Un’iperglicemia transitoria non comporta un rischio immediato, mentre l’ipoglicemia
rappresenta una condizione potenzialmente pericolosa; per tale motivo l’organismo ha
sviluppato numerosi meccanismi di difesa finalizzati alla sua prevenzione.
Ormoni del metabolismo glicidico
L’insulina è il principale ormone ipoglicemizzante. La sua azione si esplica attraverso
l’inibizione della glicogenolisi e della gluconeogenesi, nonché mediante la stimolazione
dell’utilizzazione del glucosio da parte dei tessuti periferici.

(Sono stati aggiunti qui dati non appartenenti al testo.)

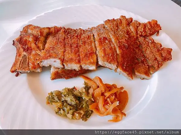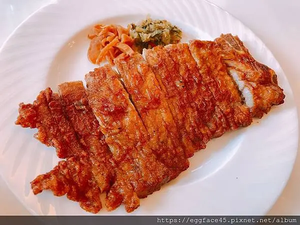 炸至金黃酥脆的排骨,都快比盤子還大了,

Sebbene il controllo della glicemia si fondi prevalentemente sull’asse insulina–glucagone,
esistono meccanismi ormonali più complessi in grado di mantenere la concentrazione
glicemica intorno ai 3,5 mmol/L, valore indispensabile per l’attività cerebrale. Ad eccezione
del cortisolo, nessun altro ormone, oltre a insulina e glucagone, risulta essenziale per il
mantenimento dell’omeostasi glicemica.
Gli ormoni iperglicemizzanti possono aumentare la glicemia attraverso diversi meccanismi:
- Stimolazione della glicogenolisi epatica: glucagone, adrenalina, noradrenalina e
vasopressina - Aumento della gluconeogenesi epatica: cortisolo e glucagone
- Riduzione dell’utilizzazione periferica del glucosio: ormone della crescita, cortisolo
e prolattina (1)
Bibliography
- Arienti G.Considerazioni nutrizionali sul metabolismo dei glicidi. In: Piccin, editor. Le
basi molecolari della nutrizione. Quinta. Trento; 2021. p. 357-359.